- Problem requirements
Starting at the line that contains "Pop in doos" and stopping after the line that contains "AI writing assistant", transcribe the listing below exactly; do not include any pictures.
Exercise data below:
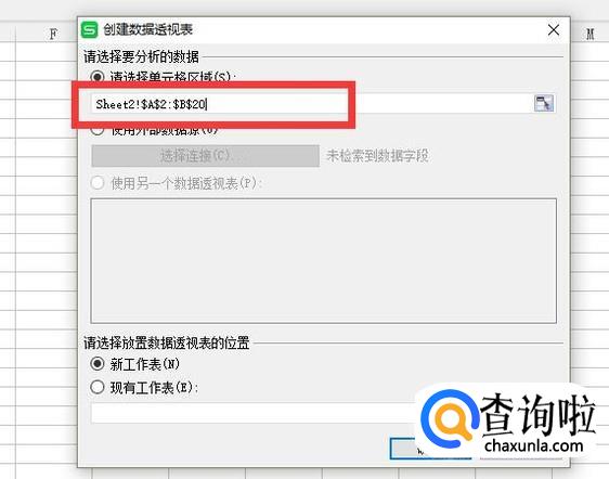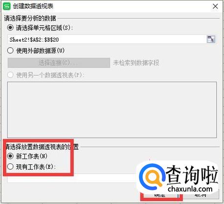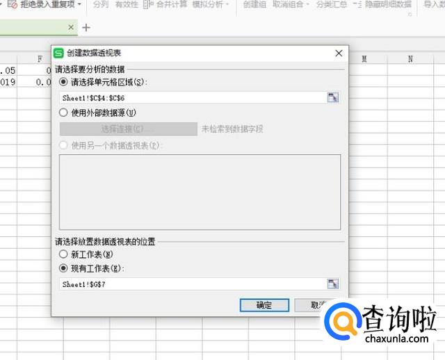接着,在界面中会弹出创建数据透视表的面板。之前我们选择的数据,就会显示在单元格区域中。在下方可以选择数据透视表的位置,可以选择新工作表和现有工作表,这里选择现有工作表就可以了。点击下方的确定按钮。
End of Exercise data.
Exercise data below:
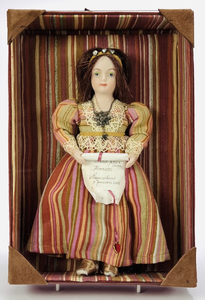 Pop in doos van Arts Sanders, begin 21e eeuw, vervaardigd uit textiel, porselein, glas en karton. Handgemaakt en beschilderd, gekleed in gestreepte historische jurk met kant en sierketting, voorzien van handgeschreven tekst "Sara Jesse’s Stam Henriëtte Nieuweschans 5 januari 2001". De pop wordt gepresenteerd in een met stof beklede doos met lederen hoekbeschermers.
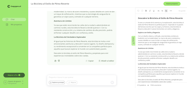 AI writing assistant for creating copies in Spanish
End of Exercise data.
- Result for this task
 Pop in doos van Arts Sanders, begin 21e eeuw, vervaardigd uit textiel, porselein, glas en karton. Handgemaakt en beschilderd, gekleed in gestreepte historische jurk met kant en sierketting, voorzien van handgeschreven tekst "Sara Jesse’s Stam Henriëtte Nieuweschans 5 januari 2001". De pop wordt gepresenteerd in een met stof beklede doos met lederen hoekbeschermers.
 AI writing assistant for creating copies in Spanish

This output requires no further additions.